Effects of cyclosporin A on growth and polyamine metabolism of MOLT-4 T-lymphoblastic leukaemia cells.

作者信息

McLachlan G, Thomson A W, Wallace H M

机构信息

Department of Medicine, University of Aberdeen, Medical School, Scotland, UK.

出版信息

Br J Cancer. 1991 Aug;64(2):255-8. doi: 10.1038/bjc.1991.287.

Abstract

We have examined the effects of Cyclosporin A (CsA) on growth and polyamine metabolism of MOLT-4, human T lymphoblastic leukaemia cells to ascertain the role of the polyamine biosynthetic pathway in the antitumour action of CsA. We observed that CsA had a dose-dependent inhibitory effect on growth of the cells in vitro, decreasing protein content, cell number and the rate of incorporation of 3H-thymidine into the cells. However, CsA treatment had no significant effect on intracellular polyamine levels in the cells. Contrary to previous reports, simultaneous addition of the diamine, putrescine, with CsA did not block or lessen the growth inhibitory effects of CsA. On the other hand, ornithine decarboxylase activity, the rate limiting enzyme of polyamine biosynthesis which converts ornithine to putrescine, was decreased by CsA treatment. This decrease appeared to be reversible and contrasts with the inhibition by alpha-difluoromethyl-ornithine, which is irreversible and can be overcome by addition of putrescine.

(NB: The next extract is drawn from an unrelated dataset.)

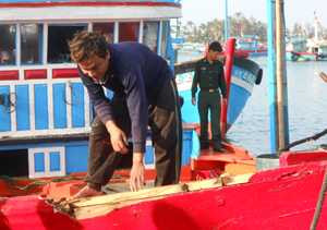 Vừa cho chiếc tàu công suất 320CV đầy thương tích do bị tàu Trung Quốc rượt đuổi, đập phá tại ngư trường Hoàng Sa cập đảo Lý Sơn, ngư dân Nguyễn Lộc, chủ tàu kiêm thuyền trưởng tàu cá QNg 96416 TS (thôn Tây xã An Vĩnh, huyện đảo Lý Sơn, Quảng Ngãi) đã nhanh chóng khắc phục, sửa chữa tàu để sớm bắt đầu chuyến đi biển mới với quyết tâm cao hơn.

This suppression of ornithine decarboxylase by CsA is more likely to occur by indirect effects on translation and/or transcription rather than a direct effect on the enzyme. It may be a contributory factor in the overall antiproliferative effects of CsA but is more likely to be a response to these growth inhibitory effects rather than a direct effect of the drug.

摘要

我们研究了环孢素A(CsA)对人T淋巴细胞白血病细胞MOLT-4生长和多胺代谢的影响,以确定多胺生物合成途径在CsA抗肿瘤作用中的作用。我们观察到,CsA在体外对细胞生长具有剂量依赖性抑制作用,可降低蛋白质含量、细胞数量以及3H-胸腺嘧啶核苷掺入细胞的速率。然而,CsA处理对细胞内多胺水平没有显著影响。与先前的报道相反,将二胺腐胺与CsA同时添加并不会阻断或减轻CsA的生长抑制作用。另一方面,多胺生物合成的限速酶鸟氨酸脱羧酶的活性,即将鸟氨酸转化为腐胺的酶,在CsA处理后降低。这种降低似乎是可逆的,这与α-二氟甲基鸟氨酸的抑制作用形成对比,后者是不可逆的,并且可以通过添加腐胺来克服。CsA对鸟氨酸脱羧酶的这种抑制作用更可能是通过对翻译和/或转录的间接影响而发生,而不是对该酶的直接影响。它可能是CsA总体抗增殖作用的一个促成因素,但更可能是对这些生长抑制作用的一种反应,而不是药物的直接作用。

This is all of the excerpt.